▶ [Problem requirements]
Nothing but the lines from the one showing "dalam kampanye tersebut." through the final line of the data below belongs in the answer, duplicated exactly and without pictures.

▶ [Stored data]
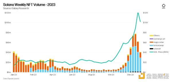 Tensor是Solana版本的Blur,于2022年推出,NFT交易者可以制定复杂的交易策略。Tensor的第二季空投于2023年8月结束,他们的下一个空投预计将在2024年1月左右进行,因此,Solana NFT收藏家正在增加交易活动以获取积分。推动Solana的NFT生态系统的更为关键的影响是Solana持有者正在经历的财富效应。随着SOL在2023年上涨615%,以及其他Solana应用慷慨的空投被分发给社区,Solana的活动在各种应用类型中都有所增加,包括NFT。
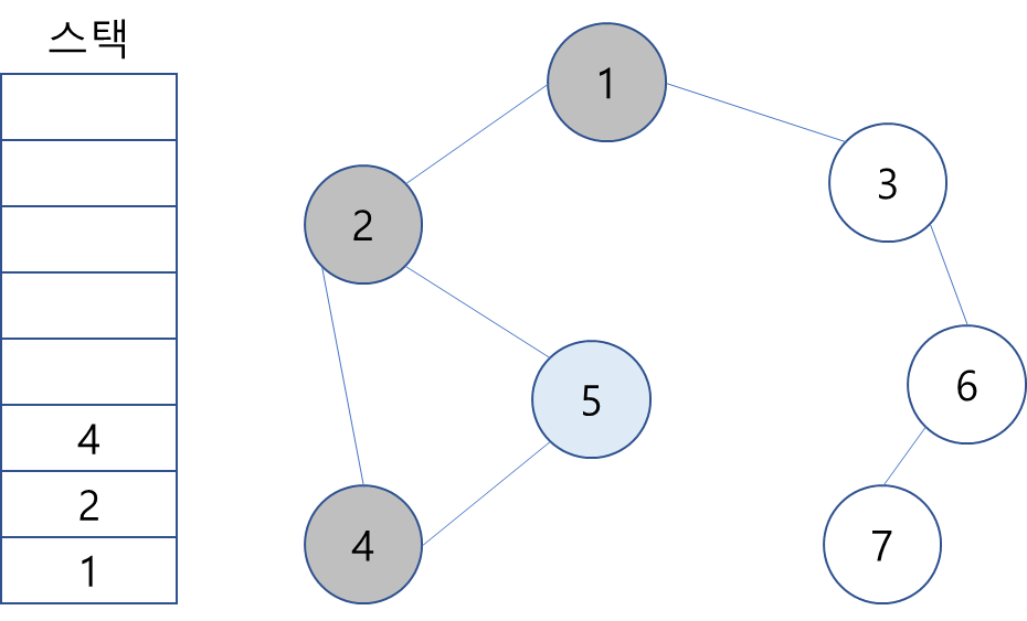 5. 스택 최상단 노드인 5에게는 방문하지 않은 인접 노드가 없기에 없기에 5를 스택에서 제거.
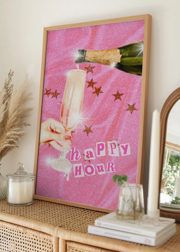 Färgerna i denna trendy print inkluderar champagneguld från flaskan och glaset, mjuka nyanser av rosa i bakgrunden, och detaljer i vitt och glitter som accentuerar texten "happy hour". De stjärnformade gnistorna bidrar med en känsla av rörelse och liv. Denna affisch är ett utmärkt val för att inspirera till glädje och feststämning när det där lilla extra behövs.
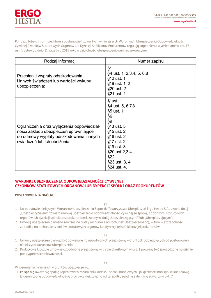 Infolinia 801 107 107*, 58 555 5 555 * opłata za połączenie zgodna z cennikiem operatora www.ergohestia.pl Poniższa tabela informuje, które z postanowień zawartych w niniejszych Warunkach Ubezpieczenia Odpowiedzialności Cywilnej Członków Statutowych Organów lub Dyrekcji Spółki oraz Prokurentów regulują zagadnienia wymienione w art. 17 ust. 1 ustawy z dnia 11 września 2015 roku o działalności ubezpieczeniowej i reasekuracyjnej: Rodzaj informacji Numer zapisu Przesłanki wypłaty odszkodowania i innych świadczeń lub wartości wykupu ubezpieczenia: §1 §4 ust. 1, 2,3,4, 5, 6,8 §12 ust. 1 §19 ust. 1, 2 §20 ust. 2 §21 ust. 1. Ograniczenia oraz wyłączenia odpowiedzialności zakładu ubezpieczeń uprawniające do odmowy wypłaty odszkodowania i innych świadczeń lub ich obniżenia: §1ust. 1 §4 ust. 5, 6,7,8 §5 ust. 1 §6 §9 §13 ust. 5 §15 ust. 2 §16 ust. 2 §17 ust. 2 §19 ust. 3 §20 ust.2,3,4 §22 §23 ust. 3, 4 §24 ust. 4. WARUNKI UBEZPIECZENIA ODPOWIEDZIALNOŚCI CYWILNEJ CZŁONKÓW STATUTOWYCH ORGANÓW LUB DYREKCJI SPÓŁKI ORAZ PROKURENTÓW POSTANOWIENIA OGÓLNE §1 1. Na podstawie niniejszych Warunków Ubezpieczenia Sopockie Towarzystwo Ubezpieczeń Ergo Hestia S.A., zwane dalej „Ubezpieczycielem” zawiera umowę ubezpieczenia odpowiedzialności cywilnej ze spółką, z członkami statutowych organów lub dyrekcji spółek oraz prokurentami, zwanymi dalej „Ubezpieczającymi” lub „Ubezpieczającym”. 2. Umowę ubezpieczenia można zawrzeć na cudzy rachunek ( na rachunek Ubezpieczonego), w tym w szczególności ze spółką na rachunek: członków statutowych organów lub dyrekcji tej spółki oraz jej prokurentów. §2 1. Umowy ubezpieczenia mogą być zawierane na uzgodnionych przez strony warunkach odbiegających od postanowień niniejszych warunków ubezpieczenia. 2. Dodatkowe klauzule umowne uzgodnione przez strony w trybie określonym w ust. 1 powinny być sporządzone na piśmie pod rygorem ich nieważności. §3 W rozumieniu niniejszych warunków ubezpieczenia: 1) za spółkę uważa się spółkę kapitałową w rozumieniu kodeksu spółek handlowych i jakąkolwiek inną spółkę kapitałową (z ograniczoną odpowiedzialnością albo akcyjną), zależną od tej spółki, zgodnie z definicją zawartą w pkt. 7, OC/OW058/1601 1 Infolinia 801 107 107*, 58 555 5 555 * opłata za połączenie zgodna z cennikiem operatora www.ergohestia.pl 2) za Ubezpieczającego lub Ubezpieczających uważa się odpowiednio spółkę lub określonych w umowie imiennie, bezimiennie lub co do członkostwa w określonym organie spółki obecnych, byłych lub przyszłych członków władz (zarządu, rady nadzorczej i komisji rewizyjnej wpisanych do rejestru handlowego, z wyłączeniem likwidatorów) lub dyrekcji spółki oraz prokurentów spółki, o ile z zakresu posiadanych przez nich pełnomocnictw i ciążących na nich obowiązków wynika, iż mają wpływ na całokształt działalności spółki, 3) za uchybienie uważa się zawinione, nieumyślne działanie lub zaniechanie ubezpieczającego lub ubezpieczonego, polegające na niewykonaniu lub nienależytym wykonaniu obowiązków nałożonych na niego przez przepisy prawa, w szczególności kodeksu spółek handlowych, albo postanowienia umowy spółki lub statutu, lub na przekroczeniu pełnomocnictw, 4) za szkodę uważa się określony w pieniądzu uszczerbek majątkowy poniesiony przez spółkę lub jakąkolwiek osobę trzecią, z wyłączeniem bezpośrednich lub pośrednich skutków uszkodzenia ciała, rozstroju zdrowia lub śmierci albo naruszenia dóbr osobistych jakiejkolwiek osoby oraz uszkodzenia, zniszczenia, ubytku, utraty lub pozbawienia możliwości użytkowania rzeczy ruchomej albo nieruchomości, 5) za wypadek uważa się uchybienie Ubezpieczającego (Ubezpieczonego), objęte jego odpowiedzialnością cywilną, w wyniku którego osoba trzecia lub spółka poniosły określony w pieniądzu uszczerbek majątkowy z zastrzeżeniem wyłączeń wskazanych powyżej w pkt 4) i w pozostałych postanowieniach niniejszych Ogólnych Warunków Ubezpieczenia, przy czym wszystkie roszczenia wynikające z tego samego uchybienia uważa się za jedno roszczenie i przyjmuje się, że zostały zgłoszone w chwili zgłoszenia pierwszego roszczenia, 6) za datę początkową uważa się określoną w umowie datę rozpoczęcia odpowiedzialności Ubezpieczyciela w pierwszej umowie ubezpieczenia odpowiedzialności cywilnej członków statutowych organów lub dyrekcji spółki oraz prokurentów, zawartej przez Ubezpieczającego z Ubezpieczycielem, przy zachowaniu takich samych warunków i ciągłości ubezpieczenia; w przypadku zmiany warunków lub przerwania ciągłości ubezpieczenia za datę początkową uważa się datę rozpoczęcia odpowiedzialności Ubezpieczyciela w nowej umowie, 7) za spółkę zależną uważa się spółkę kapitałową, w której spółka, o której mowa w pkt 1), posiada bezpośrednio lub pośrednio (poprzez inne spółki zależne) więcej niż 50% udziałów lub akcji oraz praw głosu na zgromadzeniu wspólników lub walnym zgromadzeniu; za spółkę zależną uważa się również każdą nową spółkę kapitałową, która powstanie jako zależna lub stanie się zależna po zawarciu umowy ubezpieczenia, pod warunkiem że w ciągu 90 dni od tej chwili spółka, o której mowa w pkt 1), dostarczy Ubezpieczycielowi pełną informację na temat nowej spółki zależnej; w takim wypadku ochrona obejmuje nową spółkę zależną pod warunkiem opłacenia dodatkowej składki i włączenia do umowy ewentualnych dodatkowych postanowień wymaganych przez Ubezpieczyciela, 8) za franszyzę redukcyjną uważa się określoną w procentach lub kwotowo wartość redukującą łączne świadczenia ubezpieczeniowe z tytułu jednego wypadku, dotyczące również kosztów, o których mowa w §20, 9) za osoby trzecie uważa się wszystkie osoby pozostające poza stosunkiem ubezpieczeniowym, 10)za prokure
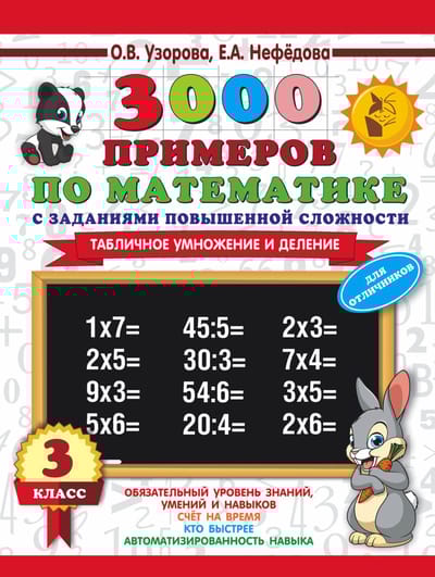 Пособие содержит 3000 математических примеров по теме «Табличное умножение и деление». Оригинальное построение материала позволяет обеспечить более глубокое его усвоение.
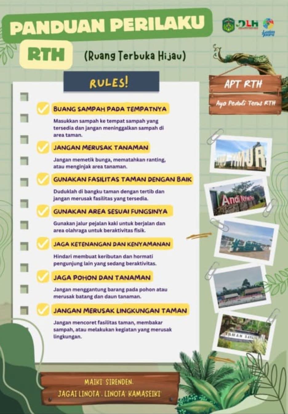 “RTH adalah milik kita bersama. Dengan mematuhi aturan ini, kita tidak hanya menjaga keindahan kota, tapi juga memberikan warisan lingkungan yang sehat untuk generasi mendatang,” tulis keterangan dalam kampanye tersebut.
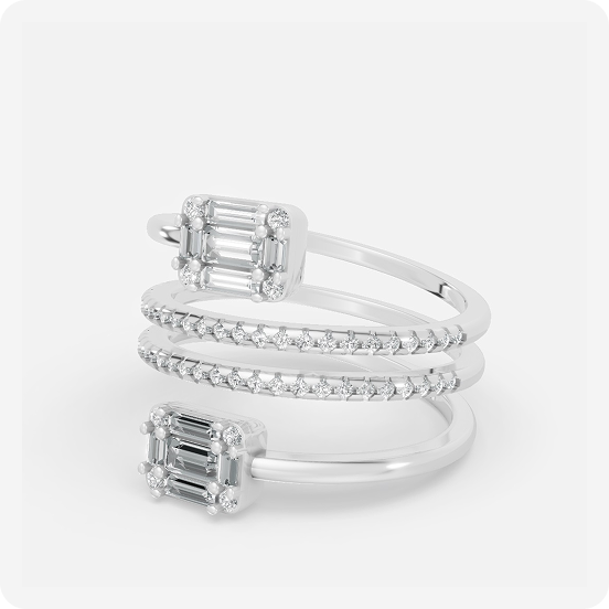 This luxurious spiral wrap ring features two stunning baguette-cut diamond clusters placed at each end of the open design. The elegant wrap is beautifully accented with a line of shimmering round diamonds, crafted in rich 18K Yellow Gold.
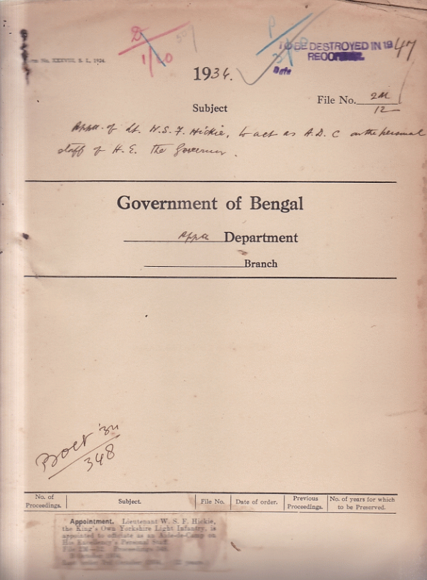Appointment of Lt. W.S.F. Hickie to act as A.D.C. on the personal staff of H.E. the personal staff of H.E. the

▶ [Answer]
 “RTH adalah milik kita bersama. Dengan mematuhi aturan ini, kita tidak hanya menjaga keindahan kota, tapi juga memberikan warisan lingkungan yang sehat untuk generasi mendatang,” tulis keterangan dalam kampanye tersebut.
 This luxurious spiral wrap ring features two stunning baguette-cut diamond clusters placed at each end of the open design. The elegant wrap is beautifully accented with a line of shimmering round diamonds, crafted in rich 18K Yellow Gold.
Appointment of Lt. W.S.F. Hickie to act as A.D.C. on the personal staff of H.E. the personal staff of H.E. the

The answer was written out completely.